What's needed is an exact copy of all the data below, without pictures.

* **Given data**:
————
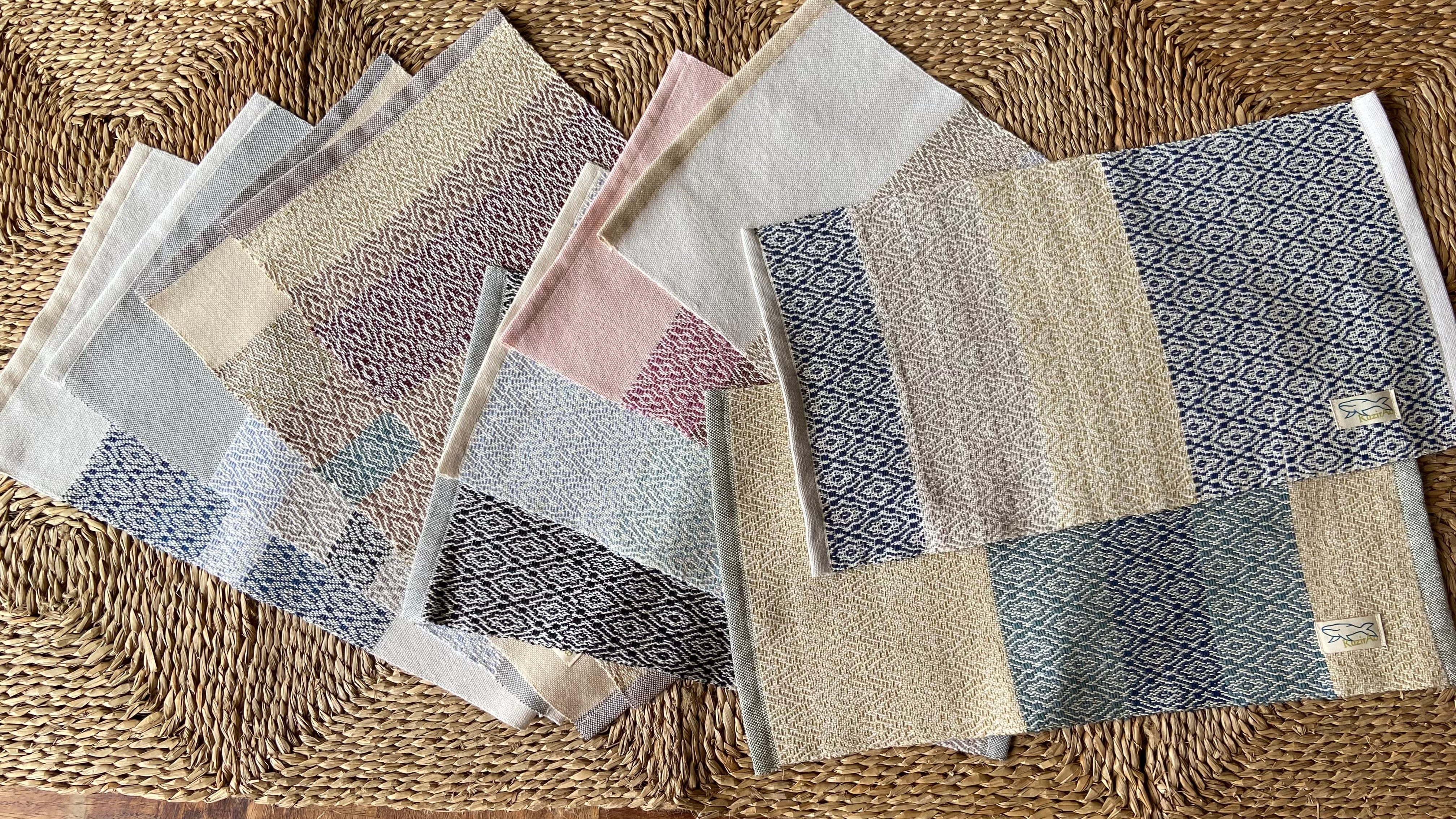 緯糸に木綿、麻、紙と木綿の混紡などの糸を用いています
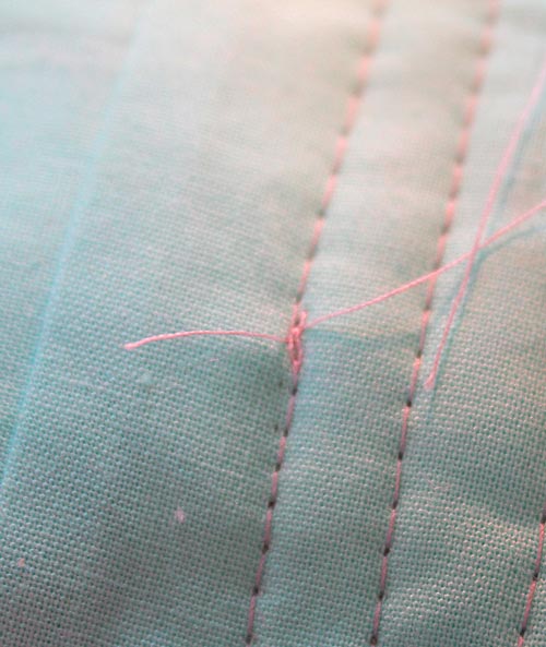 Make two to three stitches there, and then backstitch to lock the stitches. Then, continue quilting as before. After you finish that line of quilting, take your scissors and snip the tails of the thread.
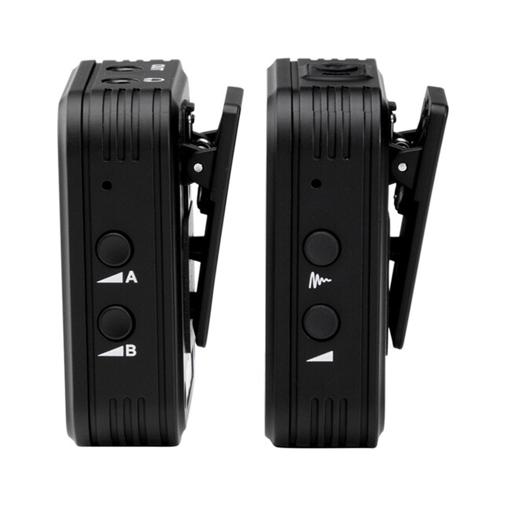Pressing the receiver power button can activate the safety channel mode. The right track will record sound 6 dB lower to avoid unexpected sound spikes due to external factors like vehicles or weather. This ensures the preservation of your audio recording under any circumstances. An external lavalier microphone is included for discreet low-profile recording.
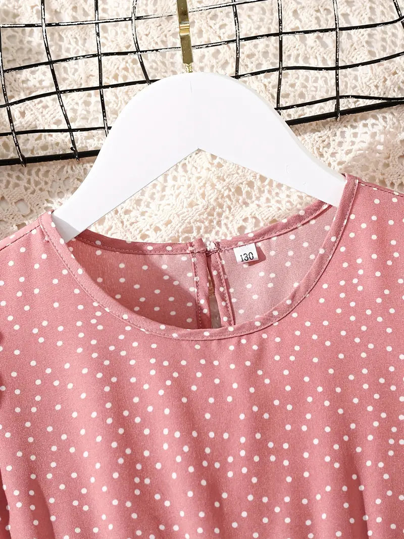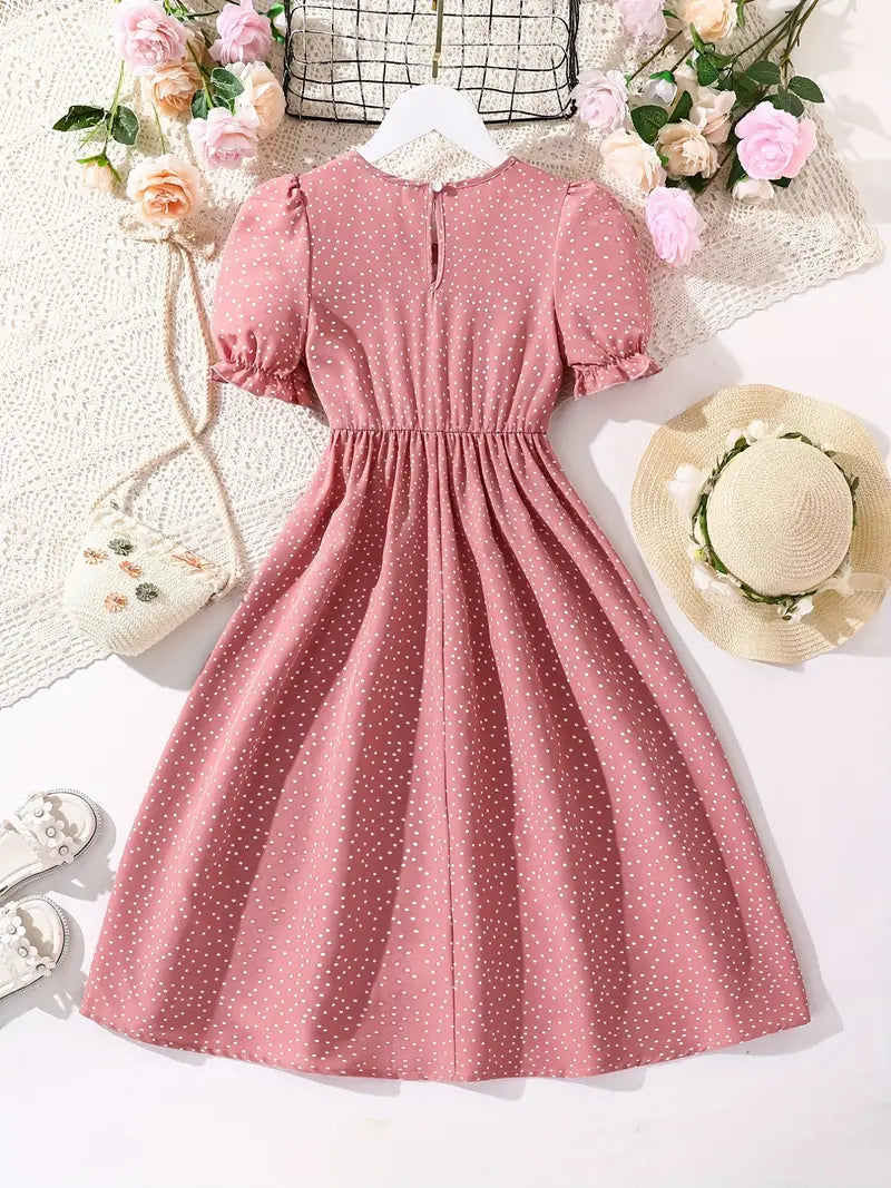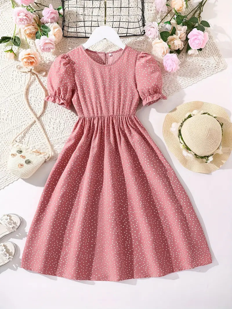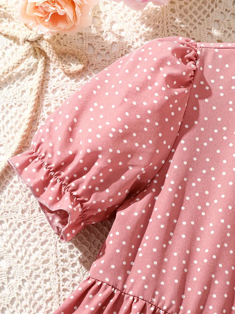 Girls Puff Sleeve Polka Dot Graphic Princess Dress For Party Beach Vacation Teen Kids Summer Clothes
————
* **Result for this task**:
 緯糸に木綿、麻、紙と木綿の混紡などの糸を用いています
 Make two to three stitches there, and then backstitch to lock the stitches. Then, continue quilting as before. After you finish that line of quilting, take your scissors and snip the tails of the thread.
Pressing the receiver power button can activate the safety channel mode. The right track will record sound 6 dB lower to avoid unexpected sound spikes due to external factors like vehicles or weather. This ensures the preservation of your audio recording under any circumstances. An external lavalier microphone is included for discreet low-profile recording.
 Girls Puff Sleeve Polka Dot Graphic Princess Dress For Party Beach Vacation Teen Kids Summer Clothes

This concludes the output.